Sunday, September 30, 2012

HIGH IMPEDENCE BUSBAR PROTECTION

High Impedance Bus bar Protection

Two type of relays

1. Voltage Operated
2. Current Operated


Basic circuit of High Impedance Bus bar Protection


CURRENT OPERATED

 


 VOLTAGE OPERATED


 


Stabilizing voltage

The voltage developed across the CT secondary during maximum fault condition.

Vs ≥ If * ( Rct + (2 * RL))

IF                       -  Maximum fault current

Rct           - CT secondary Resistance

RL                  -  Lead  resistance of cable

The maximum fault current (IF )

The maximum fault current (IF ) or Maximum short circuit current is the base value for design the substation system. The Equipment specifications and relay settings are calculated based on the Maximum fault current value of the system.
The Maximum fault current is specified in the standard for each system voltage

For Example : In SEC standard TES - P-119.02 CLAUSE 8.2.4

SYSTEM VOLTAGE                        SHORT CIRCUIT CURRENT

380 kV                                                              63kA
230 kV                                                              63kA 
115 kV                                                              40 kA
34.5 kV                                                             25 kA
13.8 kV                                                             21 kA

Consider 380kV system

IF - 60kA

If - Maximum fault current in CT secondary = 21 A for CT 3000/1 Tap selection


Rct - CT secondary Resistance

Rct can get from the CT specification

Consider 3000/1 Tap used for Bus bar protection and Rct = 4.65 ohms 

RL - Lead resistance of cable

Example:

6 Sqmm cable   RL = 0.00308 ohm/meter at 20 dec C

RL at 75 dec C = RL ( 1+ ∞ 20 (T2-T1))

Consider length = 500m

RL at 75 dec C =1.88 ohms
 

Stabilizing voltage

Vs ≥  IF * ( Rct + (2 * RL))

Vs = 21 X ( 4.65 + ( 2 X 1.88 ))

     = 177 volts

Consider 20% Margin
    
 = 177 x 1.2 = 211.932 volts

Hence select Vs = 275 volts

Therefore in maximum fault current the voltage developed across the CT secondary at the relay end is 275 V.
                                                                                                                                                            

VOLTAGE OPERATE RELAY  (MFAC - AREVA)

Calculate voltage actually need to operate the relay or total voltage drop in the secondary circuit during the Maximum fault condition

Is = Total secondary current drop

Is = CT Magnetizing current +   CT supervision relay coil current ( MVTP) + Protection relay coil 
       current for set value (MFCA SETTING RANGE 25-325 V) + Metrosil leakage current

   =  Im + I mvtp +Ir + Imetrosil

Consider 8 CTs are connected parallel

   =  (0.005 x 8) + 0.003 + 0.03 + 0.018

 Is  = 0.091 A

This is the secondary current drop during the fault condition. In other words this is the current enough to operate the protection relay.
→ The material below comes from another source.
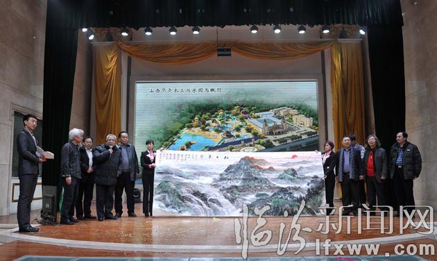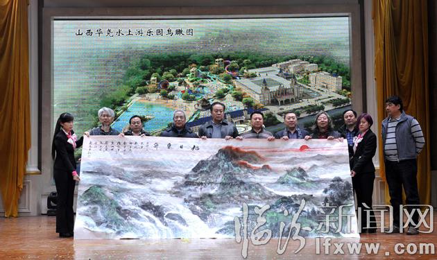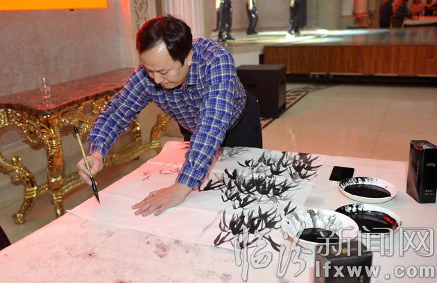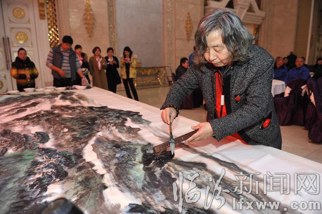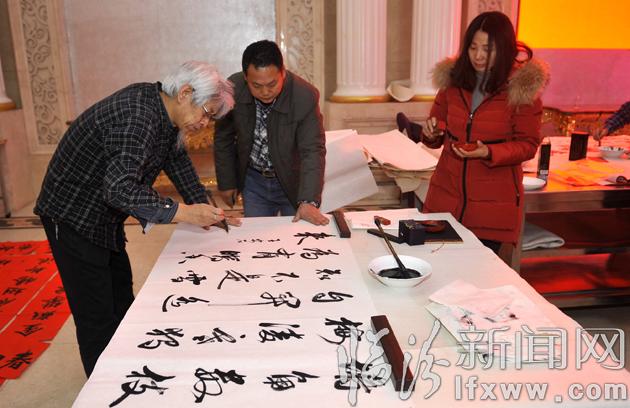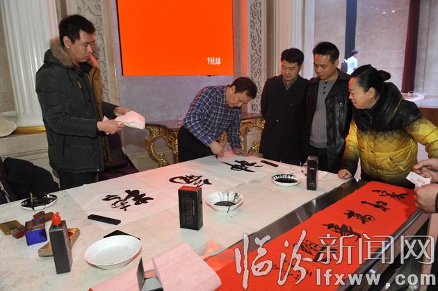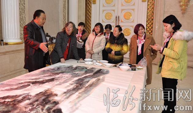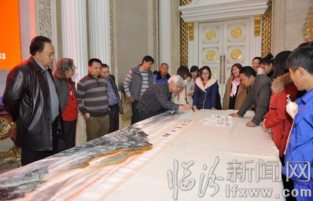 1月2日,在我市华尧集团,来自北京湖社画会的书画家在现场创作书画作品。当日,山西华尧集团举行了一场特殊的迎新春团拜会,邀请了北京湖社画会的10余名书画家和华尧集团600余名员工共庆新年,活动现场,书画家结合临汾的丰厚历史底蕴,现场创作了巨幅山水画卷,并为员工书写了新年春联,华尧集团的员工也自编自导了舞蹈、魔术以及小品等精彩的文艺节目,在浓浓的书香气氛中,喜迎新春的到来。

Convert this current to Primary value in 3000/1 ratio CT

Ip = Is x 3000 = 273 Amps

Voltage for 63000A is 275V
Voltage for 273A is ?

63000 / 273 =275/ Vsec

Vsec = 1.2 volts This voltage is enough to operate the relay.

This voltage and current  is too small compared to Maximum fault current and corresponding voltage.

This secondary operating current can achieve even leakage or through fault.


So we have to decide  the fault current at which the relay should operate

Shunt Resistor

Say The primary fault current 742A at which the relay should operate.

This is called bias value and up to this value relay should not operate.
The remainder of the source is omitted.